Perguruan Tinggi sebagai penyedia sumber daya manusia tentu punya tantangan baru sebagai efek disrupsi ini, mereka harus semakin responsif terhadap segala perubahan yang begitu cepat.
Jurusan Pendidikan Agama Islam UIN Sunan Gunung Djati Bandung bahkan secara eksplisit menyampaikan profil lulusannya yaitu sebagai pendidik PAI pada sekolah/madrasah dan luar sekolah yang memiliki kemampuan profesional, berdaya saing serta mampu merespon perkembangan zaman. Profil tersebut tentu memperkuat apa yang disampaikan Charles Darwin bahwa manusia yang survive di masa depan tidak ditentukan karena kekuatan dan kepintarannya tapi karena kemampuan beradaptasi dengan perubahan.
Kita bisa belajar dari analogi Katak Rebus terkait bagaimana merespon perubahan. Jika katak tiba-tiba dimasukan ke panci berisi air panas, tentu dia akan meronta, loncat karena kepanasan. Tapi jika katak itu dimasukan ke air dingin dan setelah nyaman di sana kemudian pancinya dipanaskan, katak tersebut tidak akan langsung meronta, boleh jadi dia menikmati perubahan suhu tersebut, semakinpanas, bahkan bisa sampai mati kepanasan.

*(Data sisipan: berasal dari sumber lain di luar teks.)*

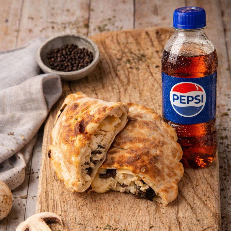 Calzone con pollo, champiñones y queso mozzarella + Gaseosa 250 ml
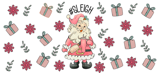 Celebrate the festive season with this cheerful vintage Santa holding a drink, surrounded by pink gifts and snowflakes!UV Transfersdtf regular iron
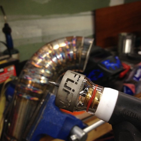 Had a good couple of days, currently taking a break from welding to grab a bite to eat. Got the exhaust all the way tacked up and started doing the welding today, going through a ton of gas welding this exhaust. Got a fupa 12 and man that thing is awesome, gobs of gas coverage and it's letting me really play around with how much heat I put into the weld, learning lots through this process. Also got my purging set up pretty dialed in, it's working really well now which is nice.

Analogi itu mestinya menyadarkan kita agar tidak sampai tersiksa dan mati ditindas perubahan. Jangan merasa nyaman dengan kemampuan dan pengetahuan yang dimiliki saat ini yang pada akhirnya justru musnah dilibas turbin perubahan.

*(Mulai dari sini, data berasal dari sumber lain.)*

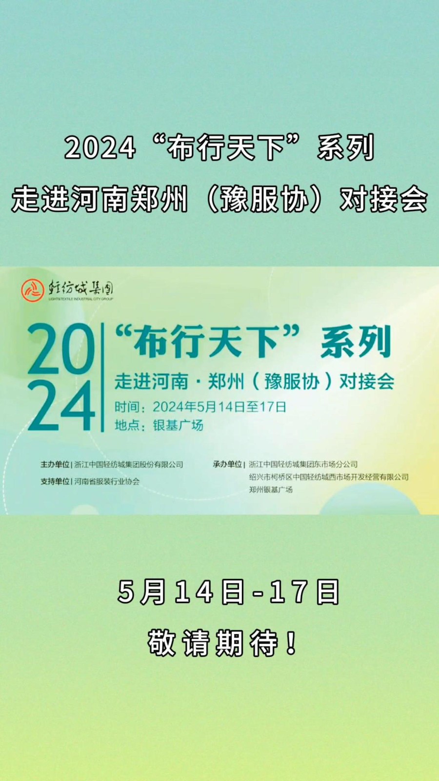 5月14日-17日,2024“布行天下”系列走进河南郑州(豫服协)对接会,敬请期待!# 中国轻纺城

Keempat turbin penggerak perubahan (pandemi, revolusi industri, globalisasi dan perubahan iklim) ternyata melahirkan empat perubahan mendasar dalam kehidupan, keempat hal itu dikenal dengan istilah VUCA (Volatelity, Uncertainty, Complexity, Ambiguity).
Volatelity merupakan gejolak perubahan yang begitu besar. Kita merasakan gejolak yang sangat dahsyat saat pandemi mulai beraksi dari Wuhan, menyebar ke seluruh penjuru dunia. Dalam aspek yang berbeda, gejolak perubahan akhlak pun kita rasakan sebagai dampak globalisasi.

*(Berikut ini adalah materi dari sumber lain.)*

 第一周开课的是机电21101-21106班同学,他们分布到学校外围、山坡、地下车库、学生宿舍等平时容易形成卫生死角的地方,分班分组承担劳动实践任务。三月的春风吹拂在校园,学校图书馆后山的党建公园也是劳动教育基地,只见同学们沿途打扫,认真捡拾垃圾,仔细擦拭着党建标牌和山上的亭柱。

Uncertainty merupakan sebuah kondisi yang tidak pasti, susah untuk diprediksi. Saat pandemi, kita tidak punya kepastian kapan pandemi akan berakhir, dengan cara apa bisa diakhiri, bahkan sampai kapan pembelajaran berbasis online disudahi. Saat ini kita pun masih dihadapkan pada misteri, apakah akan hadir varian lain, dan akan kah kembali menjadi pandemi.
Complexity dimaknai sebagai sesuatu yang begitu rumit, efeknya begitu kompleks, berimplikasi pada berbagai sendi kehidupan. Bukan hanya pandemi, revolusi industri misalnya, dia tidak hanya berimplikasi pada perubahan tata kelola industri tapi tentu berakibat pada gaya hidup dan pola pikir manusia. Studi Mc Kinsey tahun 2019 menyatakan bahwa pada tahun 2030 ada 23 juta pekerjaan yang digantikan mesin dan pada saat yang samaada 27 – 46 juta pekerjaan baru.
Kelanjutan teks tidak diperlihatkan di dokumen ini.